RECORDS FOR THE TASK »

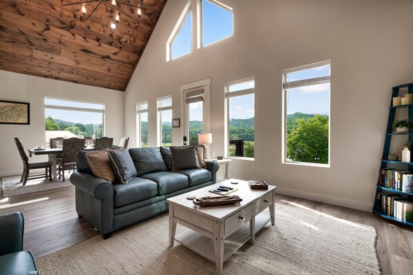Inside, cathedral ceilings and large windows flood the space with natural light and mountain vistas. The cozy yet modern interior features high-end furnishings, a sleek electric fireplace with a 65” Smart TV, and a leather sofa perfect for movie nights or quiet conversation.
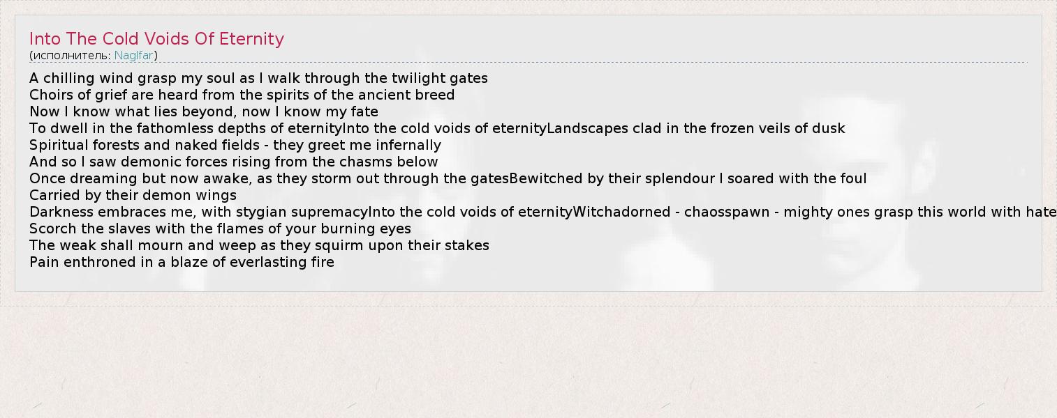 А как ты думаешь, о чем песня "Into The Cold Voids Of Eternity" ?
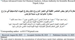 نقلا عن المركز الليبي المتقدم للتحاليل الكيميائية . و يستمر العمل و النشر العلمي # نشر ورقة بحثية جديدة # عنوان الدراسة : “مقارنة تراكيز بعض العناصر الثقيلة في الخيار المزروع داخل و خارج البيوث البلاستيكية في مزارع مختارة عشوائيا في غرب مدينة طرابلس “ ملخص الدراسة هدفت هذه الدراسة إلى تعيين تركيزات بعض العناصر الثقيلة (الرصاص، الكادميوم، والكروم) في …
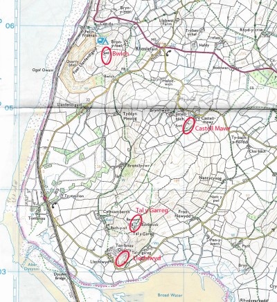 Map showing the known hillforts in the area (my annotations in yellow). Source of map: Archwilio
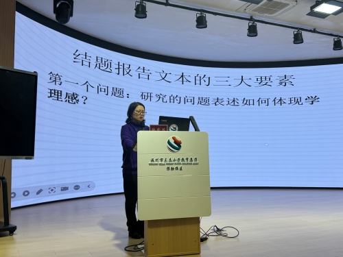 活动后半段,韩紫薇老师为新教师带来《开展课题研究丰盈专业生活》讲座。韩老师语言幽默且精准,使新教师对“课题”这一看似复杂的研究模式有了更清晰的认识。韩老师从评比系统到具体环节步骤,详尽地为新教师解答了“课题”的运行模式、作用、撰写模板及相关建议。
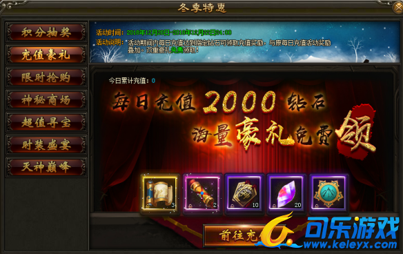 2. 活动期间内,每日充值达指定钻石数额,即可领取充值奖励,可原每日充值奖励叠加领取。
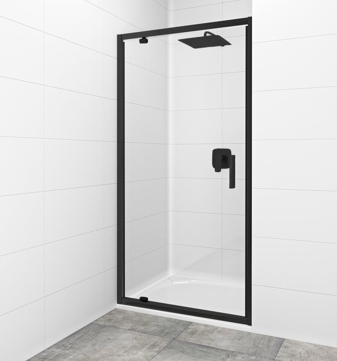 Sprchové dveře bez madel a vaničky v černém provedení, výplň je z čirého skla bez dekoru. Otočný sys...
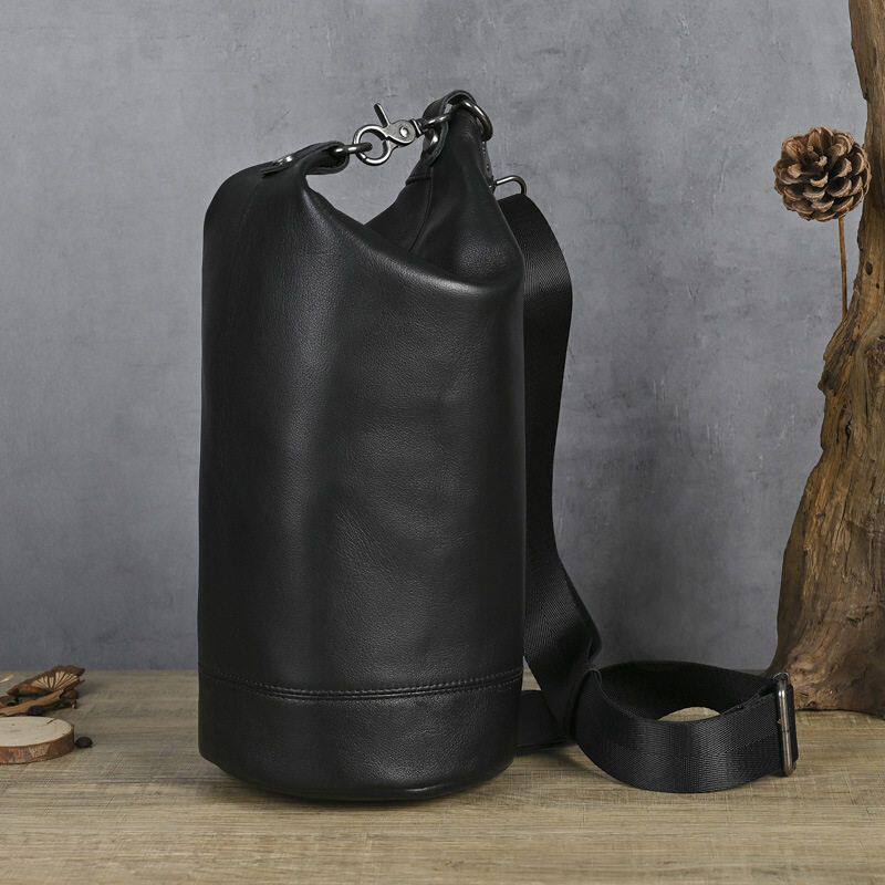 新款韩版胸包男真皮单肩斜挎包个性潮圆筒包复古男士头层牛皮背包
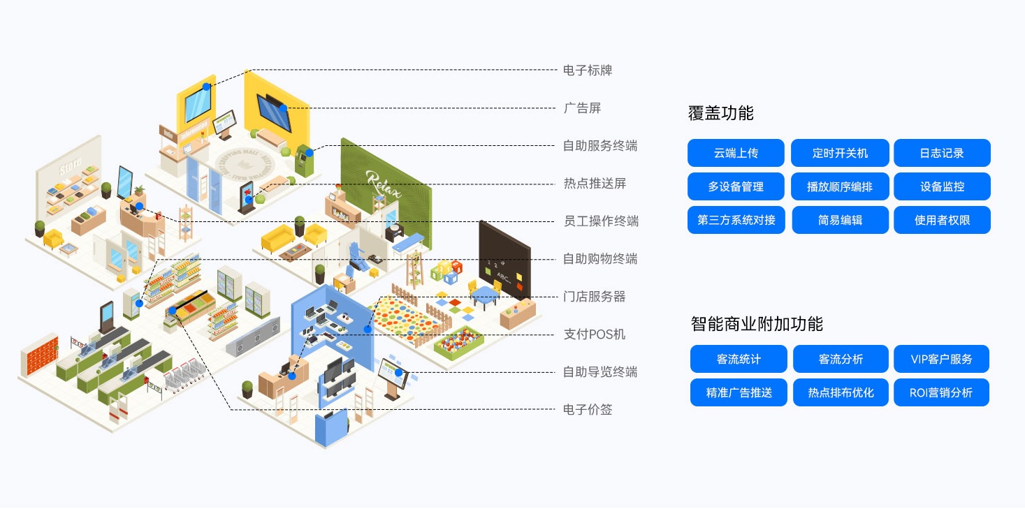 星空电竞智慧零售解决方案实现了门店全流程全维度的数字化、智能化设备应用,嵌入式主板、嵌入式电脑等硬件设备是构成方案的重要组成部分,作为整个方案的基础支撑,为智慧零售提供计算、控制、决策能力。其中,配备数字标牌的广告机提供推广信息的数字化显示,不仅可以提升门店的视觉吸引,结合AI人工智能模块,还可实现精准推送;自助服务终端设备的应用,可以减少排队等待时间,简化下单、买单、支付等流程,节省人力、物力与时间;员工收银终端等可以提升收银流程效率,减少人为差错,使账务实现数字化管理等等。

AIM OF THE TASK » Please copy exactly the lines from the one containing "新款韩版胸包男真皮单肩斜挎包个性潮圆筒包复古男士头层牛皮背包" through the last line of the records above, both included, and leave out any pictures.

RESPONSE TO THIS EXERCISE »
 新款韩版胸包男真皮单肩斜挎包个性潮圆筒包复古男士头层牛皮背包
 星空电竞智慧零售解决方案实现了门店全流程全维度的数字化、智能化设备应用,嵌入式主板、嵌入式电脑等硬件设备是构成方案的重要组成部分,作为整个方案的基础支撑,为智慧零售提供计算、控制、决策能力。其中,配备数字标牌的广告机提供推广信息的数字化显示,不仅可以提升门店的视觉吸引,结合AI人工智能模块,还可实现精准推送;自助服务终端设备的应用,可以减少排队等待时间,简化下单、买单、支付等流程,节省人力、物力与时间;员工收银终端等可以提升收银流程效率,减少人为差错,使账务实现数字化管理等等。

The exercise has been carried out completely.